A study released by the Henry J. Kaiser Family Foundation (KFF) in August found that 47% of adults sheltering in place say Coronavirus has had a negative impact on their mental health. The impact was deemed to be “major” in almost half of those in that group.

Stemming from that, rises in trouble eating, difficulty sleeping, and depression were reported. 40.1% of those surveyed in July attested to symptoms of anxiety and/or depressive disorder as a result of the pandemic.

Stahlman says even as the COVID-19 vaccine continues to be distributed, the mental health effects remain prevalent. 

“While we are now working to meet the medical community needs for the disease, the psychological impacts are much more far-reaching,” said Stahlman. 

With the pandemic still posing a threat, in-person counseling is effectively off the table at many facilities, and groups like the Mental Health Association of Central Florida have been operating by phone and through video calls to work with those who need help.

Stahlman, however, says the shift to virtual has yielded a surprising trade-off.

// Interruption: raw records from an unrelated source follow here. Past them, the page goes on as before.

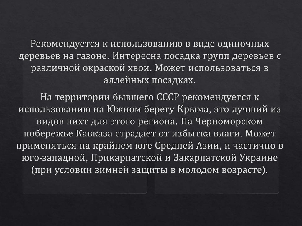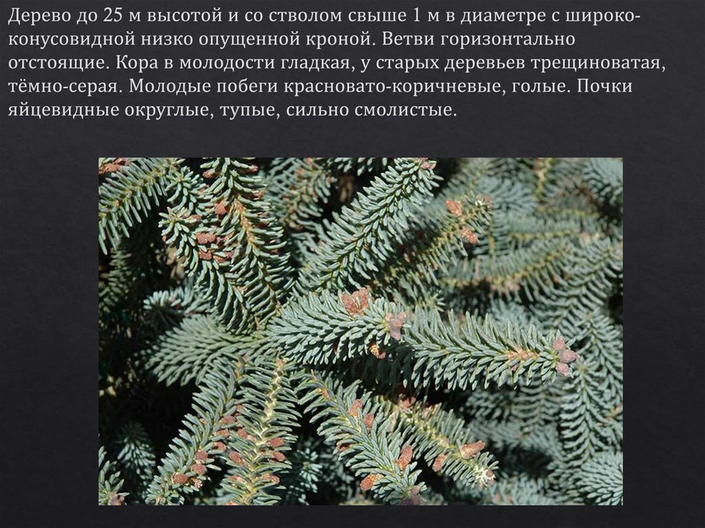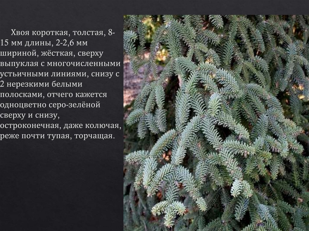 Весьма декоративная пихта, особенно при солитерной посадке, благодаря сине-или серо-зелёной, часто почти серебристой окраске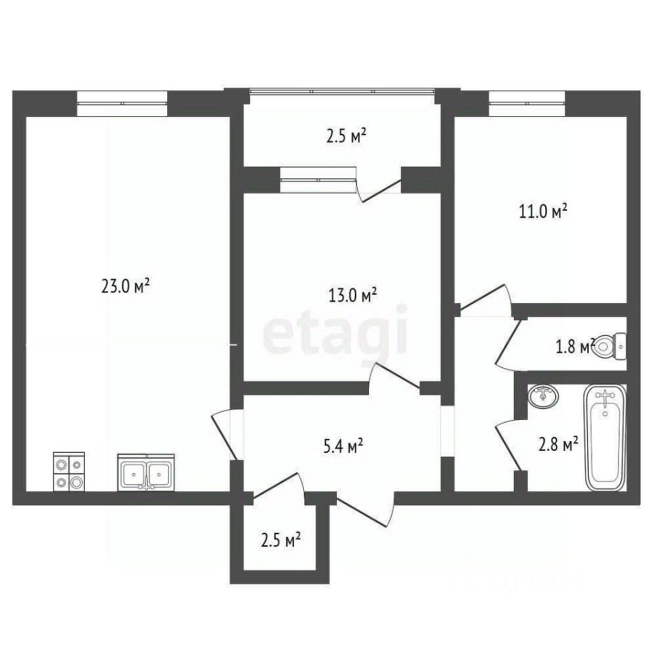 Площадь кухни23 м²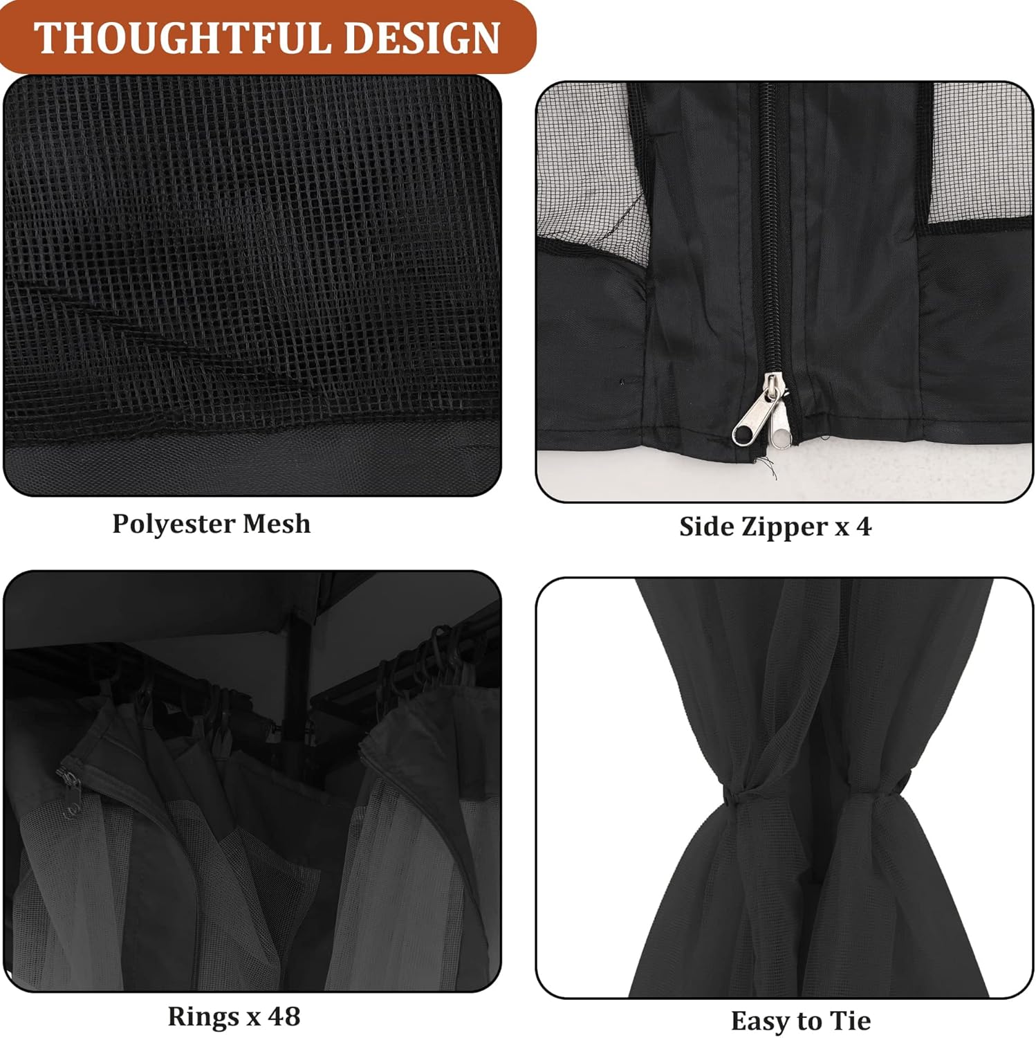 Gazebo Mosquito Netting Replacement 10' x 10' x 7'1'', Universal 4-Panel Screen Sidewall with Zipper, Black (Mosquito Net Only)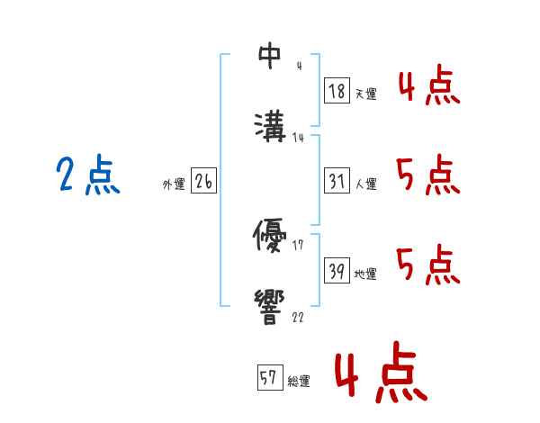 総運![]() | 中溝優響さんの総運は57画の4つ星!向上心があり人望がある。地位を得る。 あなたの人生を表す1番重要な運勢です。生涯を通じて影響する総合運となり、主に50歳以降の晩年期に影響を及ぼします。 |

On the one hand, it can be more difficult to connect with someone in need while not face-to-face, but on the other hand, it allows them to reach more people — some of whom may not have been inclined to seek help in-person before. 

“We’re really pivoting to try and find more opportunities to when the client needs us to be available, and that has opened up an opportunity for more people to get access,” explained Stahlman.

Still, Stahlman stresses that especially now, it is critically important to keep one’s friends and family close, avoid letting them become isolated, and get them help if necessary. 

Thomas chose to share Rita’s story for this exact reason. Despite her best efforts for months, she couldn’t get Rita out of isolation until it was too late. Assisted living facilities in Florida were not re-opened to the general public until October — over a month after Rita had passed. According to AARP, most facilities nationwide are now open with some level of restrictions. 

Rita Thomas (center) pictured with her grandson, Thomas McInnes (left), and granddaughter Cat McInnes (right) (Photo courtesy of the Thomas family).

Rita Thomas (center) pictured with her grandson, Thomas McInnes (left), and granddaughter Cat McInnes (right) (Photo courtesy of the Thomas family).

Thomas hopes that the public can learn from Rita’s story, and realize that being safe from COVID-19 in isolation is not at all safe. 

“Isolation is harmful to anyone who doesn’t want it, and my mother hated it,” said Thomas. “Stop saying that ‘we’re protecting them’ because you’re not.”

“We would have rather had my mother die from COVID. It was such a loss. It was such an ugly loss. It was not a pretty death. It was a sad death that never should have happened.”